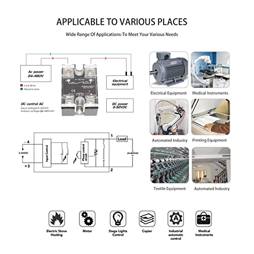SSR-10DA 25A 40A 60A 80A 100A 120A Zero Crossing DC/AC 24-480VAC Relè a Stato Solido Modulo for Protezione relè (Size: SSR-25DA)
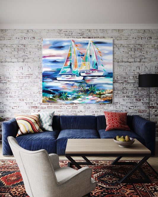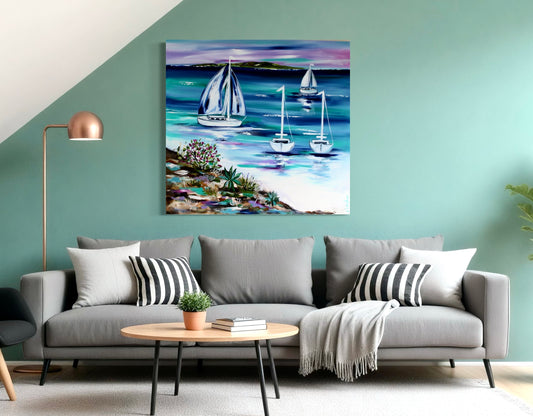 Sailing into Serenity: A Coastal Escape on Canvas - 1.1x1
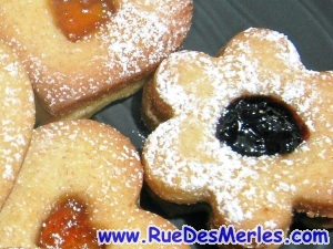 Badigeonner d'un peu de gelée de groseille ou framboise sur les disques entiers, saupoudrer les disques troués avec du sucre glace et les accoler aux disques de confiture.
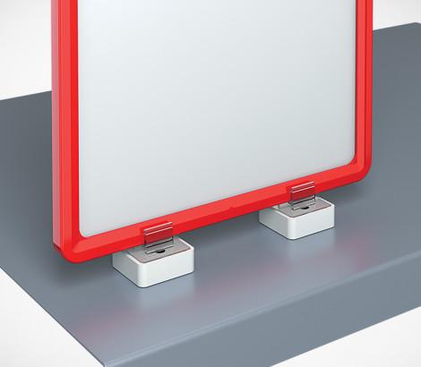 Квадратный магнитный держатель рамки под углом 90° к поверхности и паралельно поверхности, позволяет крепить пластиковые рамки различных форматов на любых металлических поверхностях. Рекомендуется использовать по 2 магнитных держателя
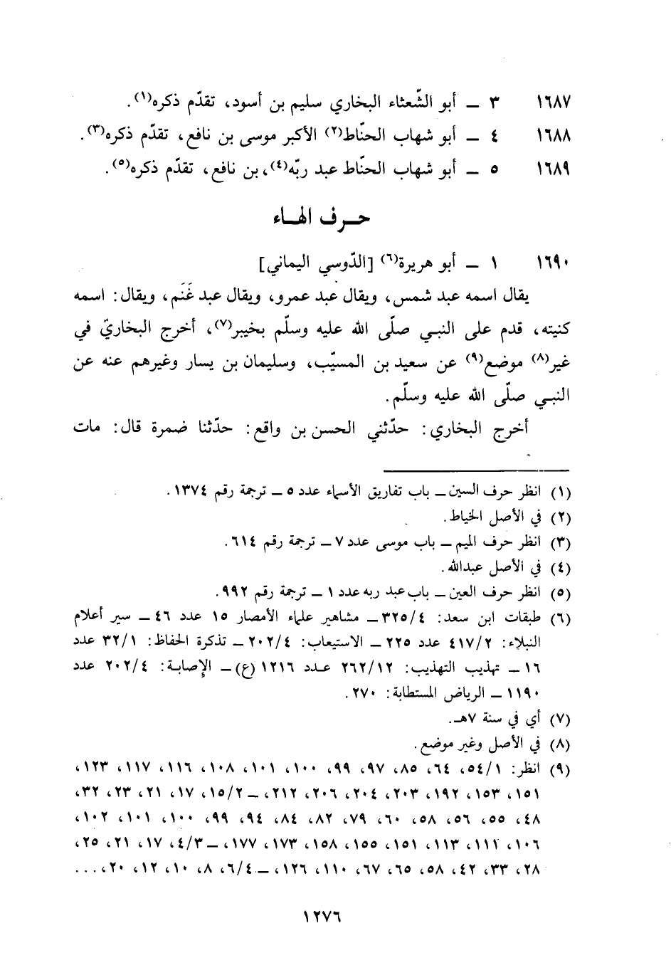 1690 - أَبُو هُرَيْرَة الدوسي الْيَمَانِيّ يُقَال اسْمه عبد شمس وَيُقَال عبد عَمْرو وَيُقَال عبد غنم وَيُقَال اسْمه كنيته قدم على النَّبِي صلى الله عَلَيْهِ وَسلم بِخَيْبَر أخرج البُخَارِيّ فِي غير مَوضِع عَن سعيد بن الْمسيب وَسليمَان بن يسَار وَغَيرهم عَنهُ عَن النَّبِي صلى الله عَلَيْهِ وَسلم أخرج البُخَارِيّ حَدثنِي الْحسن بن وَاقع حَدثنَا ضَمرَة قَالَ مَاتَ أَبُو هُرَيْرَة سنة ثَمَان وَخمسين وَقَالَ أَحْمد بن عَليّ بن مُسلم حَدثنَا أَبُو عمر القرمطي حَدثنِي مُحَمَّد بن مسلمة حَدثنَا إِبْرَاهِيم بن الْفضل المَخْزُومِي قَالَ كَانَ اسْم أبي هُرَيْرَة فِي الْجَاهِلِيَّة عبد شمس وكنيته أَبُو الْأسد فَسَماهُ رَسُول الله صلى الله عَلَيْهِ وَسلم عبد الله وكناه أَبَا هُرَيْرَة قَالَ عَمْرو بن عَليّ مَاتَ أَبُو هُرَيْرَة سنة تسع وَخمسين
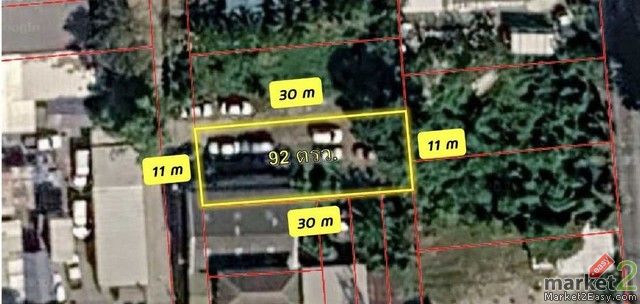รายละเอียดทรัพย์ เนื้อที่ 92 ตารางวา หน้ากว้างประมาณ 11 เมตร ลึกประมาณ 30 เมตร ถนนหน้าที่ดินกว้าง 5–6 เมตร
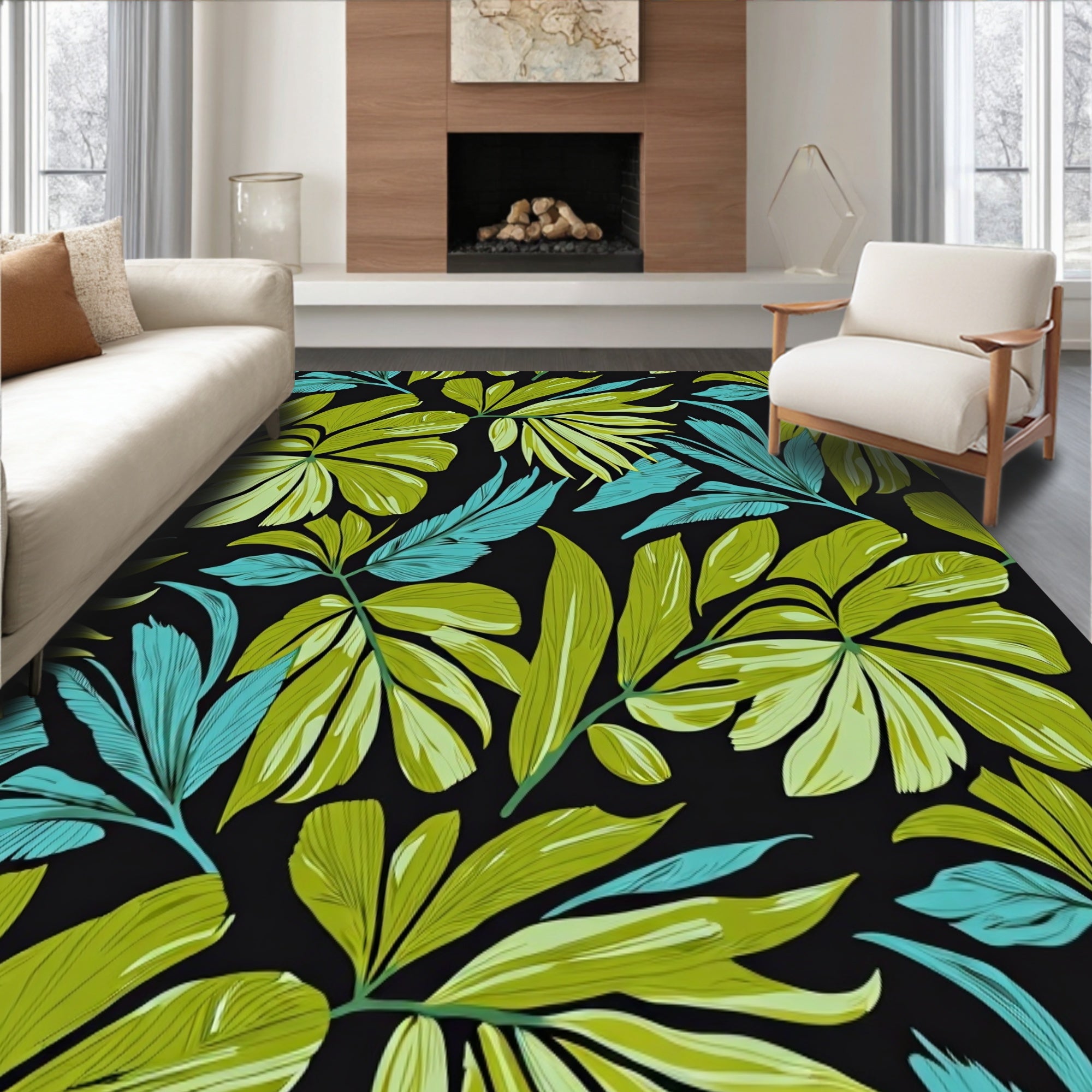 Flatwoven High Traffic Area Rug, Tropical Foliage Exotic Leaf Artisan Handpainted, Non Slip, Stain Resistant, Washable Area Rugs for Living Room, Bedroom (Green) Overview:
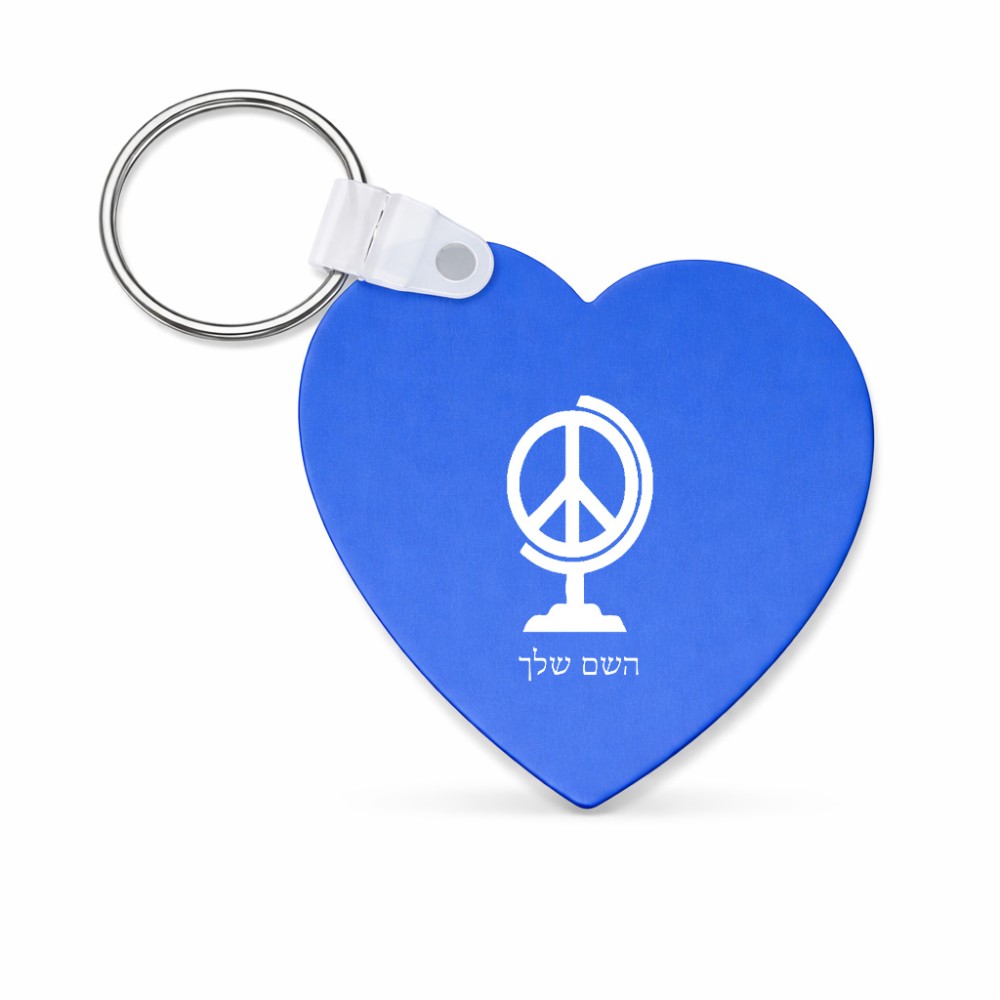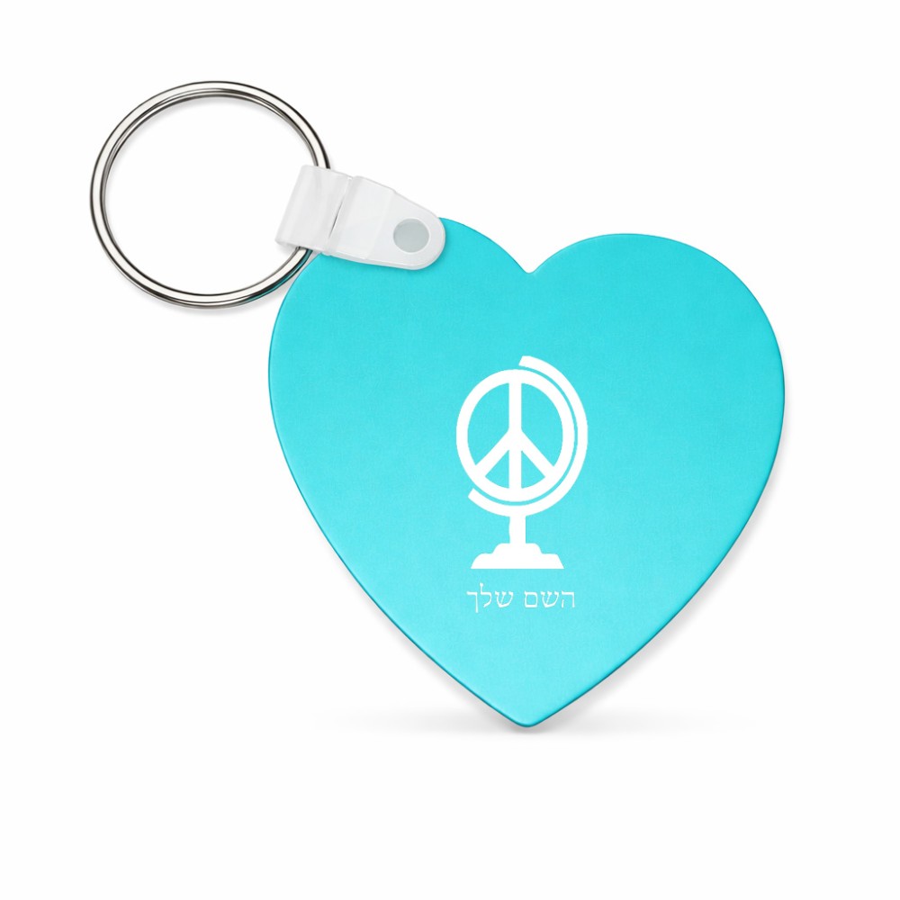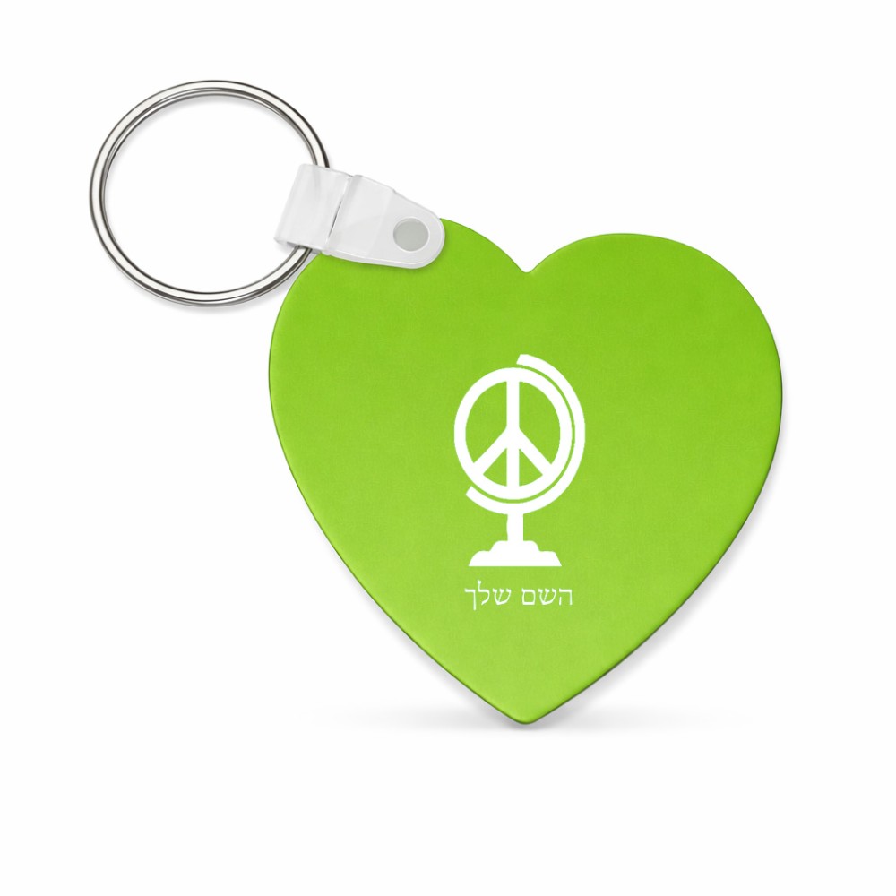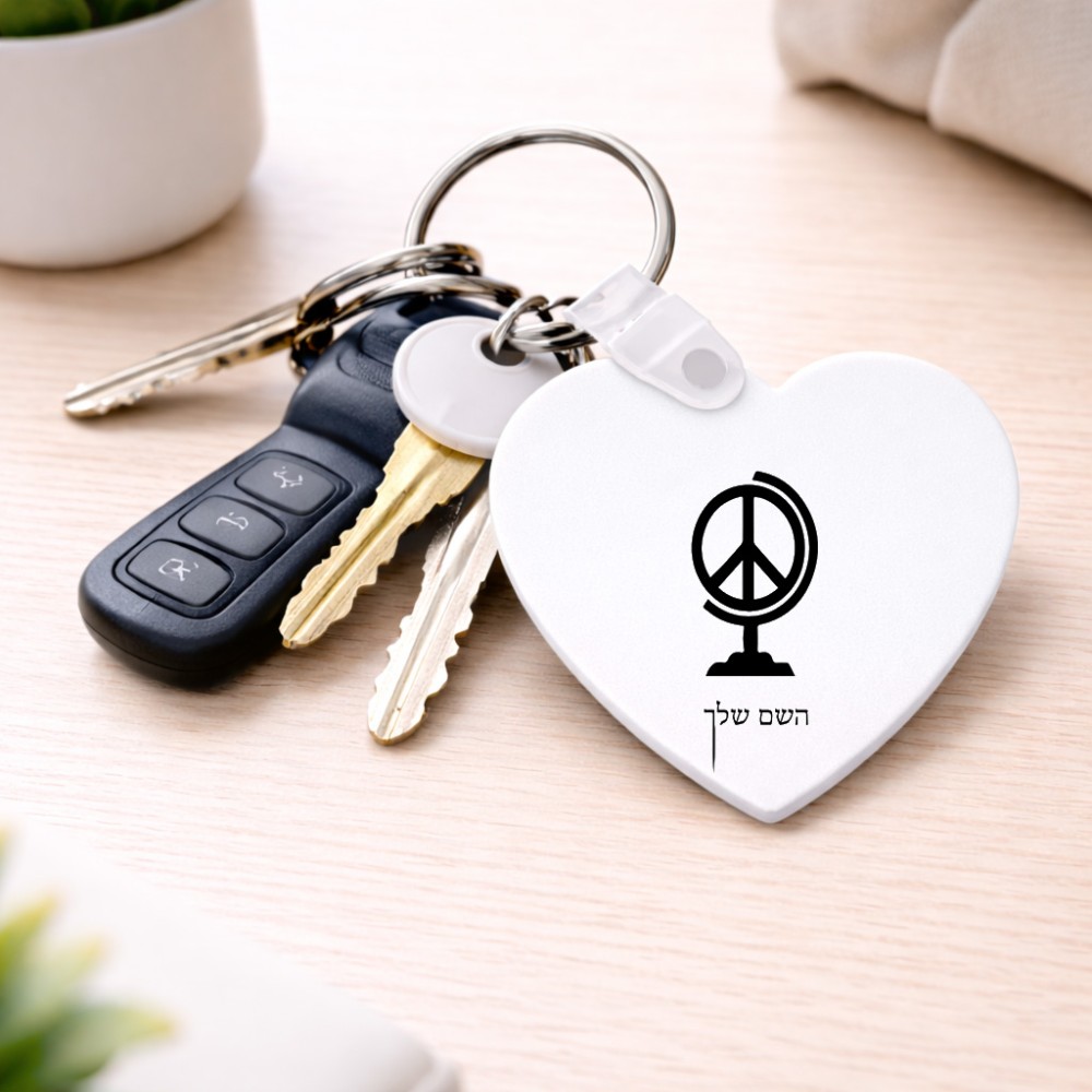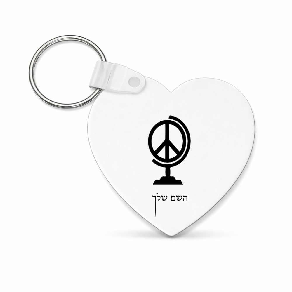 מחזיק מפתחות בצורת לב בעיצוב אישי עם השם שלך בעיצוב גלובוסי שלום גודל המחזיק 5 × 5 ס"מ. את השם המבוקש ניתן לציין בהזמנה, אם לא צויין אנחנו ניצור קשר לבירור.
┄┄┄┄┄┄┄┄┄┄┄┄┄┄┄┄┄┄┄┄
• The task: Only the text of the entries above is to be given again, exactly, with the pictures left out.

• Problem solution:
SSR-10DA 25A 40A 60A 80A 100A 120A Zero Crossing DC/AC 24-480VAC Relè a Stato Solido Modulo for Protezione relè (Size: SSR-25DA)
 Sailing into Serenity: A Coastal Escape on Canvas - 1.1x1
 Badigeonner d'un peu de gelée de groseille ou framboise sur les disques entiers, saupoudrer les disques troués avec du sucre glace et les accoler aux disques de confiture.
 Квадратный магнитный держатель рамки под углом 90° к поверхности и паралельно поверхности, позволяет крепить пластиковые рамки различных форматов на любых металлических поверхностях. Рекомендуется использовать по 2 магнитных держателя
 1690 - أَبُو هُرَيْرَة الدوسي الْيَمَانِيّ يُقَال اسْمه عبد شمس وَيُقَال عبد عَمْرو وَيُقَال عبد غنم وَيُقَال اسْمه كنيته قدم على النَّبِي صلى الله عَلَيْهِ وَسلم بِخَيْبَر أخرج البُخَارِيّ فِي غير مَوضِع عَن سعيد بن الْمسيب وَسليمَان بن يسَار وَغَيرهم عَنهُ عَن النَّبِي صلى الله عَلَيْهِ وَسلم أخرج البُخَارِيّ حَدثنِي الْحسن بن وَاقع حَدثنَا ضَمرَة قَالَ مَاتَ أَبُو هُرَيْرَة سنة ثَمَان وَخمسين وَقَالَ أَحْمد بن عَليّ بن مُسلم حَدثنَا أَبُو عمر القرمطي حَدثنِي مُحَمَّد بن مسلمة حَدثنَا إِبْرَاهِيم بن الْفضل المَخْزُومِي قَالَ كَانَ اسْم أبي هُرَيْرَة فِي الْجَاهِلِيَّة عبد شمس وكنيته أَبُو الْأسد فَسَماهُ رَسُول الله صلى الله عَلَيْهِ وَسلم عبد الله وكناه أَبَا هُرَيْرَة قَالَ عَمْرو بن عَليّ مَاتَ أَبُو هُرَيْرَة سنة تسع وَخمسين
รายละเอียดทรัพย์ เนื้อที่ 92 ตารางวา หน้ากว้างประมาณ 11 เมตร ลึกประมาณ 30 เมตร ถนนหน้าที่ดินกว้าง 5–6 เมตร
 Flatwoven High Traffic Area Rug, Tropical Foliage Exotic Leaf Artisan Handpainted, Non Slip, Stain Resistant, Washable Area Rugs for Living Room, Bedroom (Green) Overview:
 מחזיק מפתחות בצורת לב בעיצוב אישי עם השם שלך בעיצוב גלובוסי שלום גודל המחזיק 5 × 5 ס"מ. את השם המבוקש ניתן לציין בהזמנה, אם לא צויין אנחנו ניצור קשר לבירור.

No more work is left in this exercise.